See what I am trying to say here?

These days, anyone can open up a text file, put “Hello World” in it then save it as .html. If they’re feeling adventurous, they will even do it in PHP. Heard of Photoshop? Easy.

Anyone can do that”, they say. Then things like this happen.

It only took a minute, so it’s easy. It’s not.

In the sage words of The Oatmeal, talking about clients that want to design their own sites instead of letting the professional do it:

“If you were an engineer designing the turbine of a commercial airplane, would they interfere, I wonder?”

It’s not something that you can find in your room or in your kitchen? Oh yeah, it must be difficult. It’s not like it’s graphic design, amirite?

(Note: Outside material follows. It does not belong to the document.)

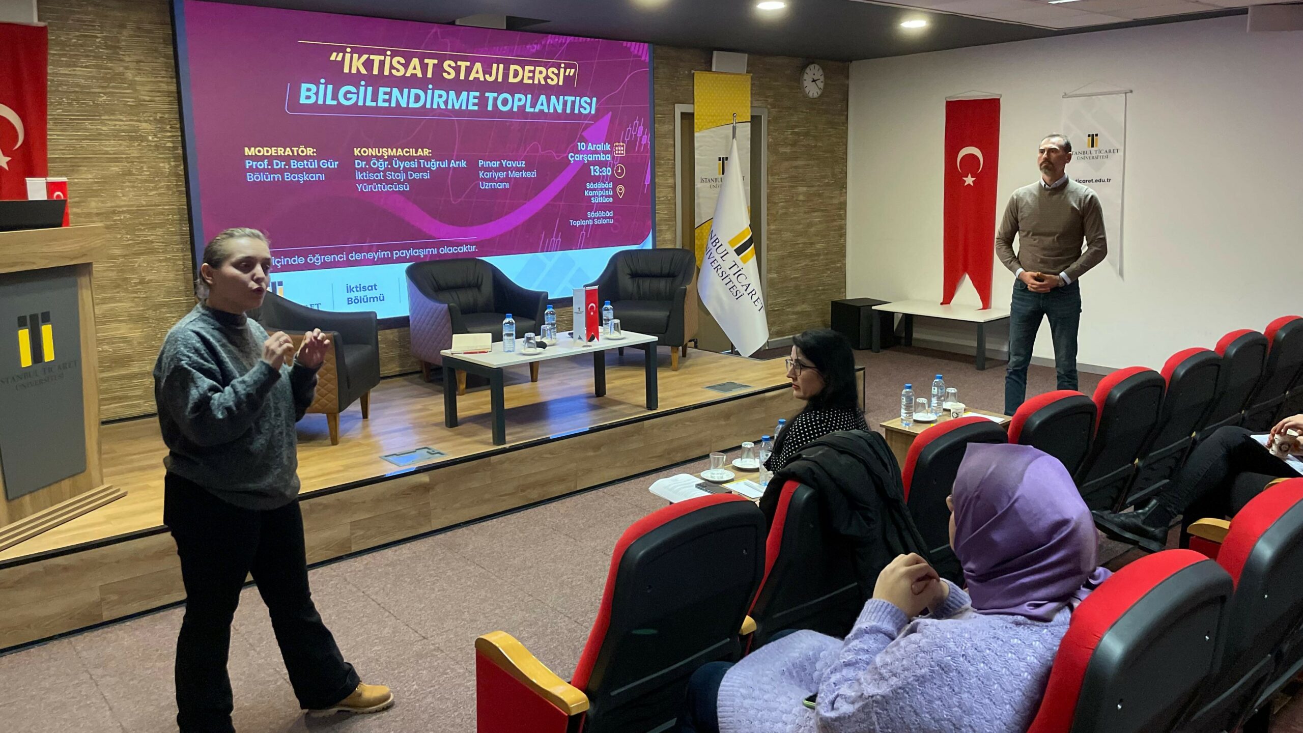 İktisat Bölümü tarafından bölüm öğrencilerinin staj süreçleri hakkında bilgilendirilmesi ve kariyer planlamalarının desteklenmesi amacıyla düzenlenen İktisat Stajı Dersi Bilgilendirme Toplantısı, 10 Aralık 2025 tarihinde Sâdâbâd Kampüsü Sâdâbâd Toplantı Salonu’nda gerçekleştirildi.

Behind that cup of wonderful, marvellous, succinct and delicious coffee there’s hours of training and practise, experience, careful technique, trial and error, concentration and a well thought recipe that has been researched for years. As you may imagine, our job isn’t any different.

So the next time you’re making a cup of coffee, don’t forget that it’s not only coffee, sugar, hot water and milk.

P.S: I didn’t actually learnt this from coffee, but I wanted to make sure I got the metaphor across. I’ve know this for years. You known, being a developer and all.

P.P.S: Thanks to @webjac for the tip and for making me post this to Medium. Perhaps more rambling to come.